CH-MVGL establishes a flexible framework with theoretical backing for multiview graph learning centered on node-level commonality. The results have significant implications for functional connectivity analysis, social network inference, and any domain where multiview data share a sparse set of high-degree integrators. Since the method is nonparametric regarding the signal distribution, it demonstrates robustness in non-Gaussian and noisy settings where classical GGM-based approaches fail.

From a methodological perspective, the co-hub formalism encourages further exploration of hybrid structures—allowing for both common and private hubs or incorporating community detection priors.
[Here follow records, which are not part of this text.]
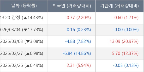 [표] 주요 기관별 순매매량 (단위 만주)
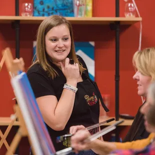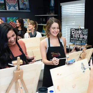 We had the best time here! Brittany was such a patient teacher and so sweet throughout the entire process. She definitely knew what she was doing and made the class really enjoyable from her direction on painting to organizing games during breaks. There were two other couples there which was a the perfect sized group and made it a really fun environment. Our paintings didn't turn out to be master pieces, but we definitely loved sipping wine while attempting the latter. You can purchase by the bottle or glass, they also have beer! Brittany was super tentative in making sure we had everything we needed whether it was a refill on wine or paint. Will totally recommend this to folks looking for a unique date night.
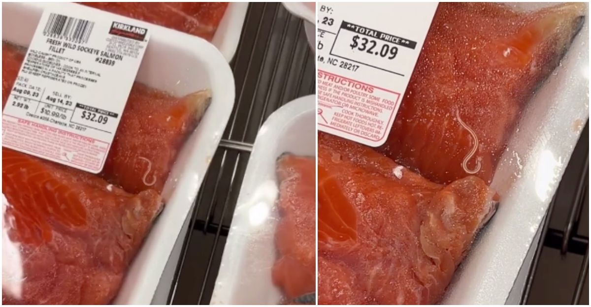 綜合外媒報導,34歲的瑞秋(Rachel Lyn)日前到美國的某間好市多購物,逛到海鮮區發現生鮭魚排的包裝上,竟然有一隻蠕動的活蟲,畫面上可以看到這隻蟲「非常活潑」,不斷扭動身體,讓瑞秋受到不小驚嚇。
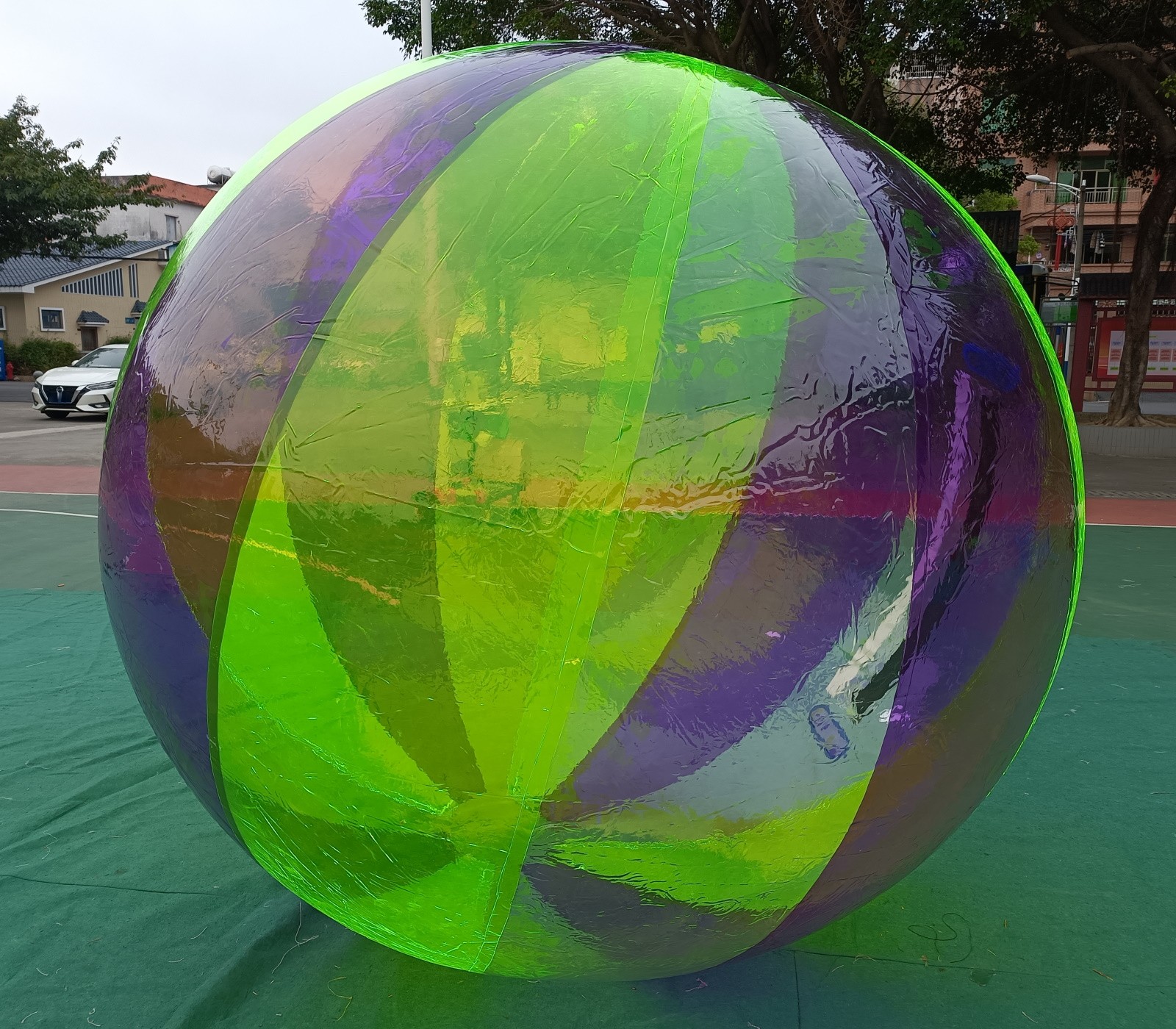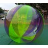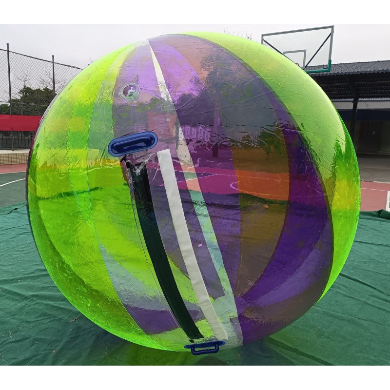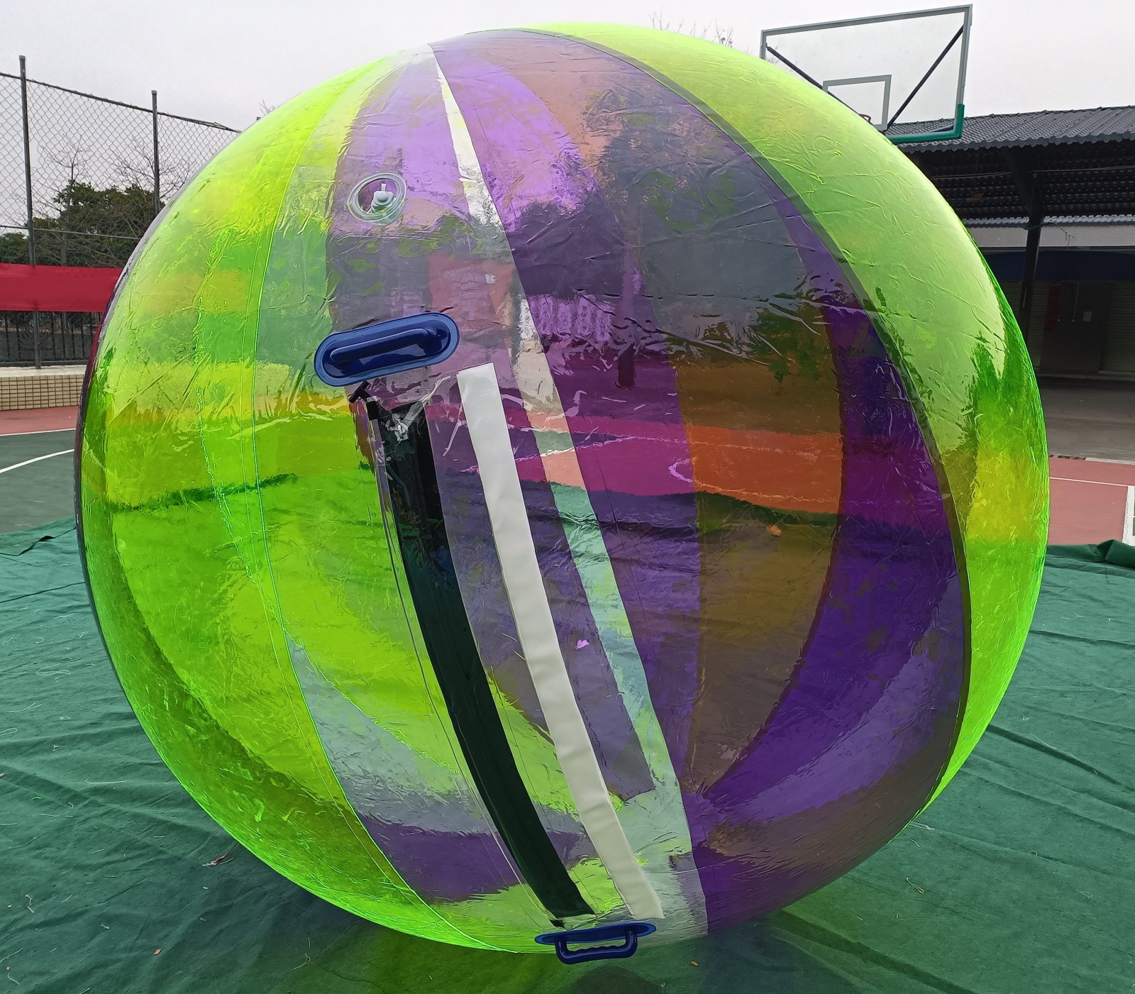 Water Ball de 2 metros de diámetro amarillo, morado y transparente.

Extensions could target dynamic setting with temporally-evolving co-hub structures, or integration with deep graph learning architectures for feature-augmented scenarios.

Conclusion

This paper introduces and thoroughly analyzes the CH-MVGL model for multiview graph learning, documenting both strong empirical results on synthetic and neural data and comprehensive theoretical support regarding identifiability and error rates. The node-centric co-hub regularizer, in contrast to edge-based similarity, provides a substantial advance in interpretable, scalable, and robust joint graph inference. The framework is broadly applicable and promises utility across diverse applications wherever heterogeneous but structurally connected multilayer graphs must be learned.